A word-for-word copy of the entries, with the images left out, is what you should write.
+===+
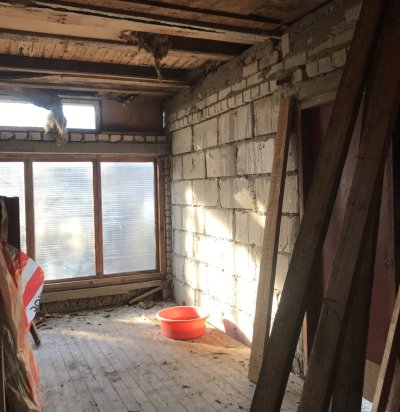 Väljaehitamatta majaosa lammutus ja betoonist platformi eemaldamine.
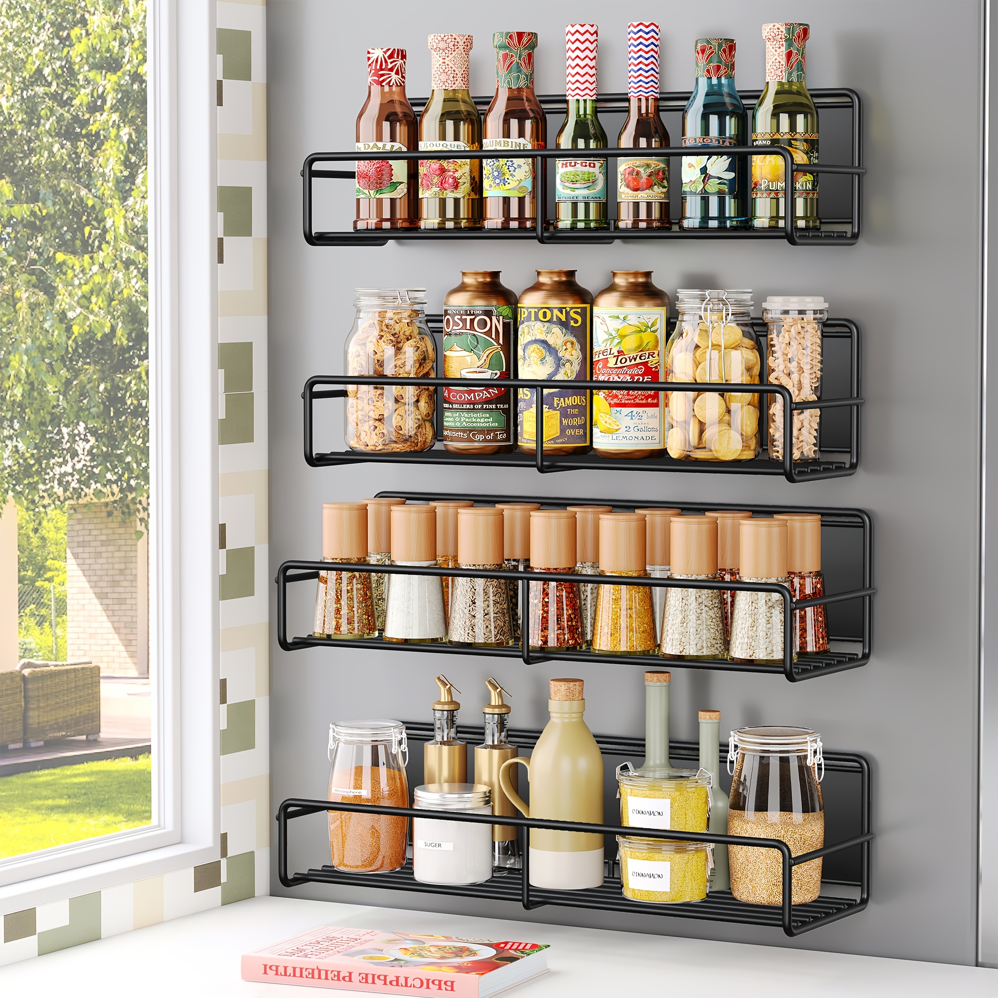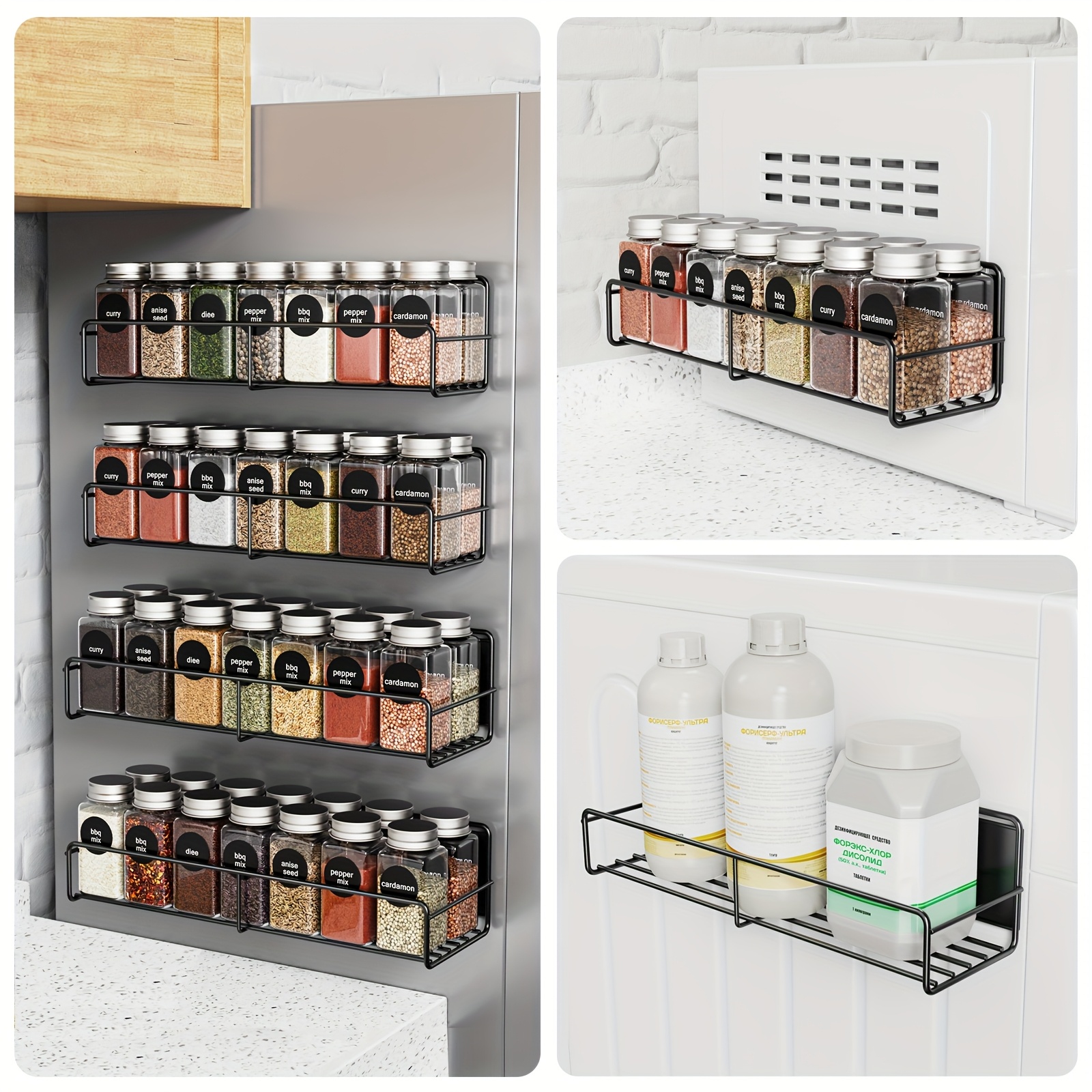 4pcs Magnetic Spice Adjustable Storage Shelf, No-Punch Kitchen Refrigerator Magnetic Shelf, Strong Magnetic Spice Storage Shelf, Washing Machine Storage Shelf, No-Punch Wall Mounted Storage Shelf, Kitchen Storage Accessories, Coffee Bar Accessories
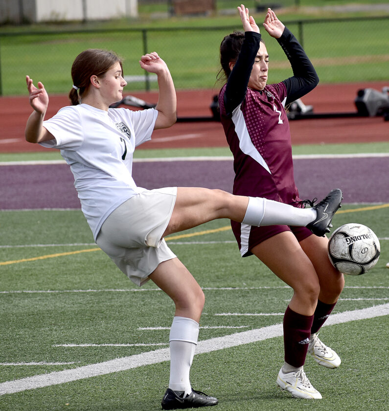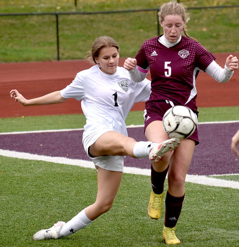 OBSERVER Photo by Matt Spielman North Collins' Jenna Sickau kicks at the ball in front of Ellicottville's Addison John during Saturday's Section VI Class D championship game at Karl Hoeppner Field in Dunkirk.
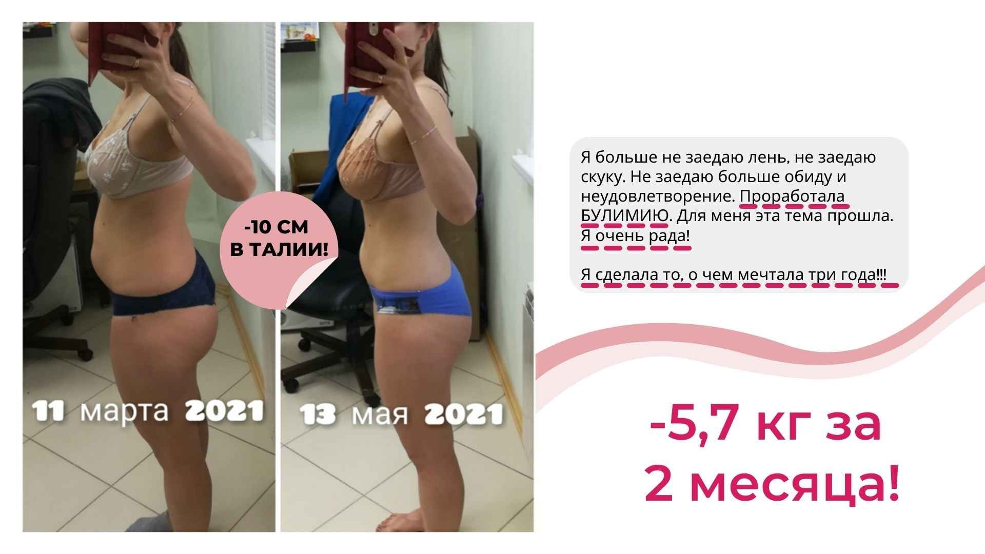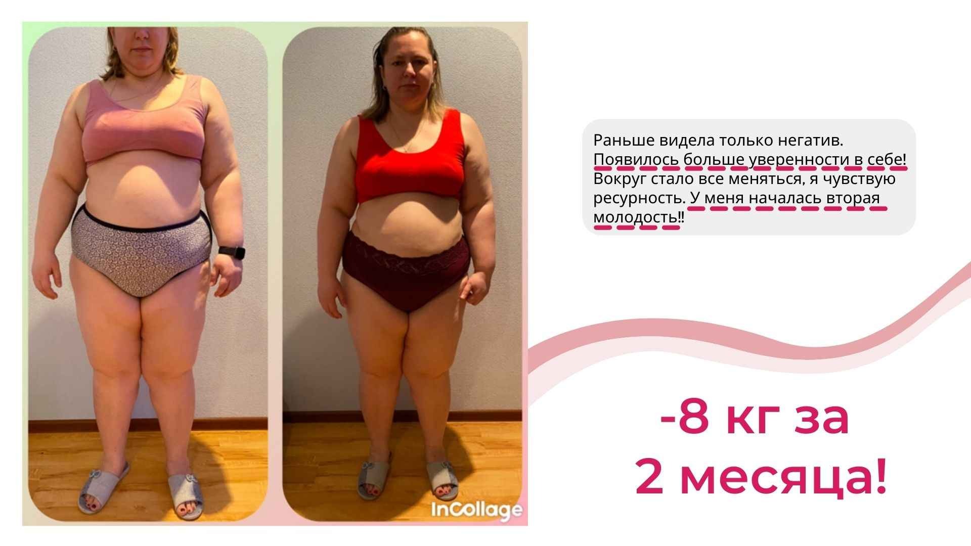 Ваш успех неизбежен — Вы в кратчайшие сроки не только начнете терять вес и объемы, но и «подтянете» нужные сферы своей жизни и сделаете ее гармоничной и счастливой.
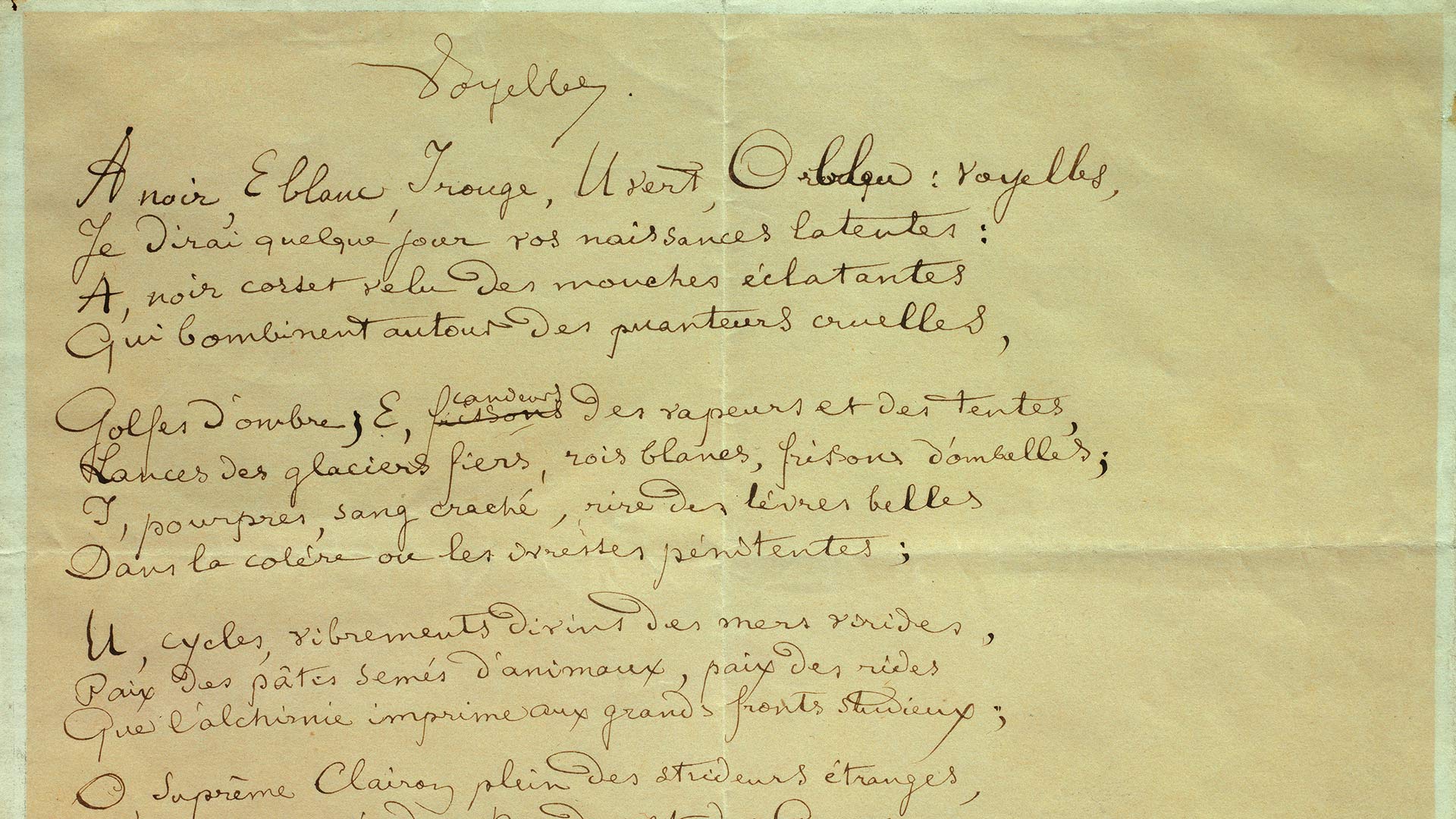 Manuscrit du poème « Les Voyelles » par Arthur Rimbaud (1854-1891), Musée Arthur Rimbaud, Charleville-Mezieres (© Photo by: Christophel Fine Art/Universal Images Group via Getty Images)(Bing France)
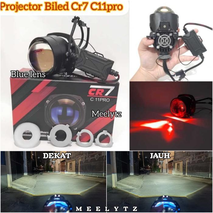 Projector Biled Cr7 C11Pro Blue Lens High Low Putih 2,5Inc Plus Devil Dan Kipas Pendingin - Devil Merah
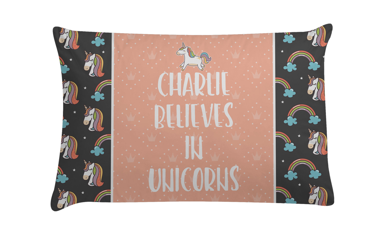 This fun unicorn design has a dark grey background with brightly colored unicorns and rainbows all across it.This pattern is on either side of a peach background with subtle crowns on it. Front and center is a fun saying that says "Charlie Believes In Unicorns" where "Charlie" can be replaced with your name. On the top of this text is a majestic leaping unicorn.
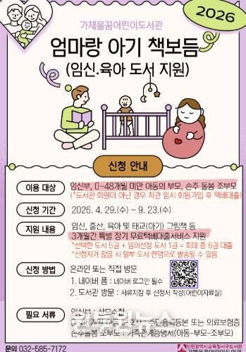 (원투원뉴스) 인천광역시교육청서구도서관은 29일부터 임산부와 초보 양육자를 대상으로 ‘엄마랑 아기 책보듬’서비스를 시작한다.
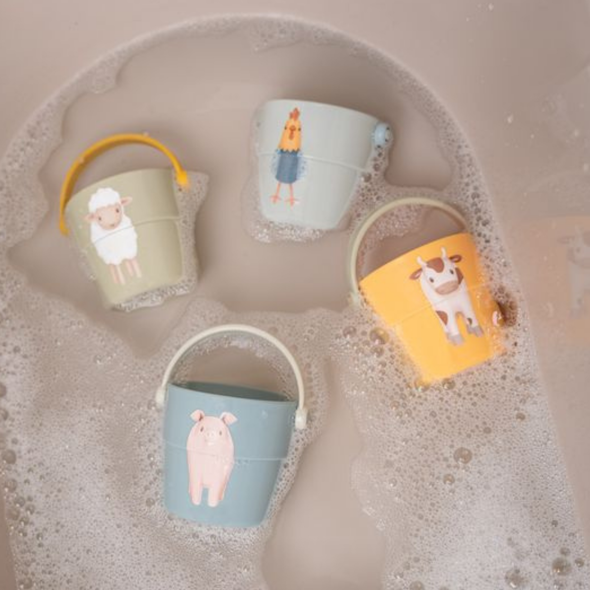 Je kleintje zal extra genieten tijdens het badderen met deze set van 4 badbekers. Ze zijn er in 4 kleuren en zijn versierd met illustraties van de boerderijdieren uit het FARM thema. De maat is precies goed voor kleine handjes en spelen met de kleine emmertjes helpt bij de ontwikkeling van motorische vaardigheden. Stapel ze op elkaar om een grote toren te bouwen en omver te werpen. Of vul ze met water en zie er verschillende vormen uitstromen. Spetters en plezier gegarandeerd! Verpakt in een full-colour windowbox. Geschikt voor kinderen vanaf 12 maanden.
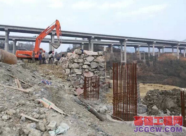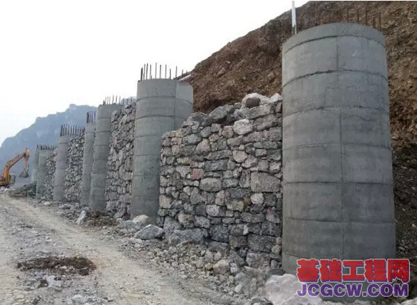 在沿江路靠近江畔一侧,为防止路面上过往车辆和一侧山体对道路的侧向压力,也修建了护坡桩保护道路。如图:
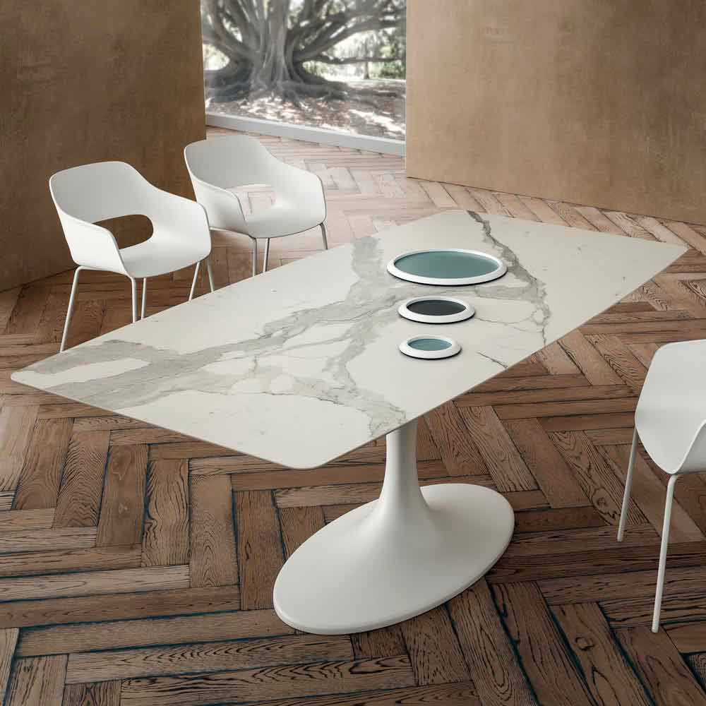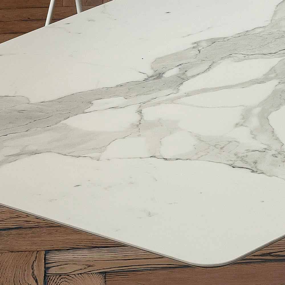 Köksbord med skiva i laminam och Made in Italy marmorfot, hög kvalitet.
+===+
* [Reply]
 Väljaehitamatta majaosa lammutus ja betoonist platformi eemaldamine.
 4pcs Magnetic Spice Adjustable Storage Shelf, No-Punch Kitchen Refrigerator Magnetic Shelf, Strong Magnetic Spice Storage Shelf, Washing Machine Storage Shelf, No-Punch Wall Mounted Storage Shelf, Kitchen Storage Accessories, Coffee Bar Accessories
 OBSERVER Photo by Matt Spielman North Collins' Jenna Sickau kicks at the ball in front of Ellicottville's Addison John during Saturday's Section VI Class D championship game at Karl Hoeppner Field in Dunkirk.
 Ваш успех неизбежен — Вы в кратчайшие сроки не только начнете терять вес и объемы, но и «подтянете» нужные сферы своей жизни и сделаете ее гармоничной и счастливой.
 Manuscrit du poème « Les Voyelles » par Arthur Rimbaud (1854-1891), Musée Arthur Rimbaud, Charleville-Mezieres (© Photo by: Christophel Fine Art/Universal Images Group via Getty Images)(Bing France)
 Projector Biled Cr7 C11Pro Blue Lens High Low Putih 2,5Inc Plus Devil Dan Kipas Pendingin - Devil Merah
 This fun unicorn design has a dark grey background with brightly colored unicorns and rainbows all across it.This pattern is on either side of a peach background with subtle crowns on it. Front and center is a fun saying that says "Charlie Believes In Unicorns" where "Charlie" can be replaced with your name. On the top of this text is a majestic leaping unicorn.
 (원투원뉴스) 인천광역시교육청서구도서관은 29일부터 임산부와 초보 양육자를 대상으로 ‘엄마랑 아기 책보듬’서비스를 시작한다.
 Je kleintje zal extra genieten tijdens het badderen met deze set van 4 badbekers. Ze zijn er in 4 kleuren en zijn versierd met illustraties van de boerderijdieren uit het FARM thema. De maat is precies goed voor kleine handjes en spelen met de kleine emmertjes helpt bij de ontwikkeling van motorische vaardigheden. Stapel ze op elkaar om een grote toren te bouwen en omver te werpen. Of vul ze met water en zie er verschillende vormen uitstromen. Spetters en plezier gegarandeerd! Verpakt in een full-colour windowbox. Geschikt voor kinderen vanaf 12 maanden.
 在沿江路靠近江畔一侧,为防止路面上过往车辆和一侧山体对道路的侧向压力,也修建了护坡桩保护道路。如图:
 Köksbord med skiva i laminam och Made in Italy marmorfot, hög kvalitet.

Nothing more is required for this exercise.